3.1.3. Parameters of interaction analysis

Column name	Description
Number of background genes	Required for hypergeometric p-value, PCC and CSI if use PCC as the first-level index.
First-level index for CSI	First level for interaction-profile similarity calculation in CSI.Default:PCC
Lower boundary of interaction-profile similarity for CSI	Default:0.05.

3.1.4. Output of interaction analysis

The output result will produce the pairwise associations based on users’ metric selections. For the convenience of users, we also provided the heatmap-ready format files for each of the association indexes in the download package.

3.2 gene set enrichment

In the submodule gene set enrichment, hypergeometic tests are performed to test if the genes of interest are overrepresented in the predefined heart related gene sets (see resources). In addition to the predefined sets, user-customized gene sets are also allowed.
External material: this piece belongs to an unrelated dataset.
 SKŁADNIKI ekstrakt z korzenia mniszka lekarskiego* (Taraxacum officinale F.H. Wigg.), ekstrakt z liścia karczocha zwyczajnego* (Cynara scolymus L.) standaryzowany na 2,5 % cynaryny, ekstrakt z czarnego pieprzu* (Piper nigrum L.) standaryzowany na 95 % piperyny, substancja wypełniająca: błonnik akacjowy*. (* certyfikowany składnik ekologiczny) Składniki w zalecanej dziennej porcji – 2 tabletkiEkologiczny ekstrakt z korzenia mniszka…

3.2.1 Input of gene set enrichment

Users can either copy/paste the genes of interest in the text box or upload the TXT or comma-delimited CSV files (one gene per row)
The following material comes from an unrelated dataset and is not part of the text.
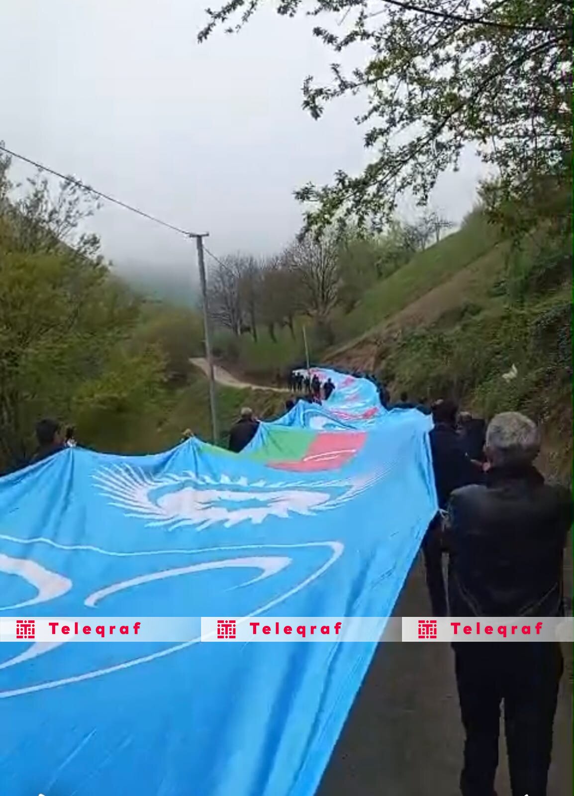 Təxminən 200-ə yaxın insanın iştirak etdiyi yürüş zamanı bayraq yol boyu dalğalandırılıb və böyük ehtiramla müşayiət olunub.

3.2.2. Parameters of gene set enrichment

There are three steps to run the module of gene set enrichment:

1. Select a database.
2. Upload customized dataset, supported format shows as following:

3. Set the number of the background genes, which usually be the total number of sequenced genes.
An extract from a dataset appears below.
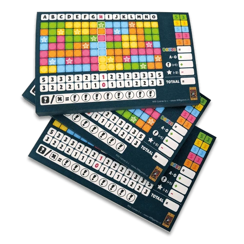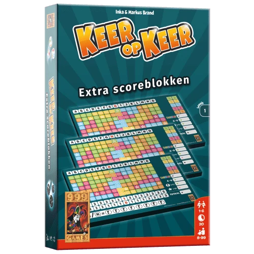 Extra aanvullende scoreblokken voor fanatieke Keer op Keer-spelers. In de doos zitten drie blokken van ‘Level 1’ die identiek zijn aan die in het basisspel.

3.2.3. Output of gene set enrichment

The results will be generated based on users' selection on the databases, a sample result page is shown below:

3.3. Job submission and tracking the status

After job submission, users can go to the interaction and association job panel to check the job status and results. Currently, we have multiple job queues for running. If the cores are available, the job will be returned with running in a few seconds. Otherwise, it shows pending, meaning that all of the cores are occupied by other users, and the current job is under waiting queue. If it shows runtimeError, indicating that errors are captured during running the program. Usually, it is due to non-standardized input files. Thus, users need check the input files and can submit again. If the errors continue to be detected, please contact the administrator group. After the job completed, A notification E-mail will be sent to the user. User can also check and download it through the link in the corresponding job record in the job panel.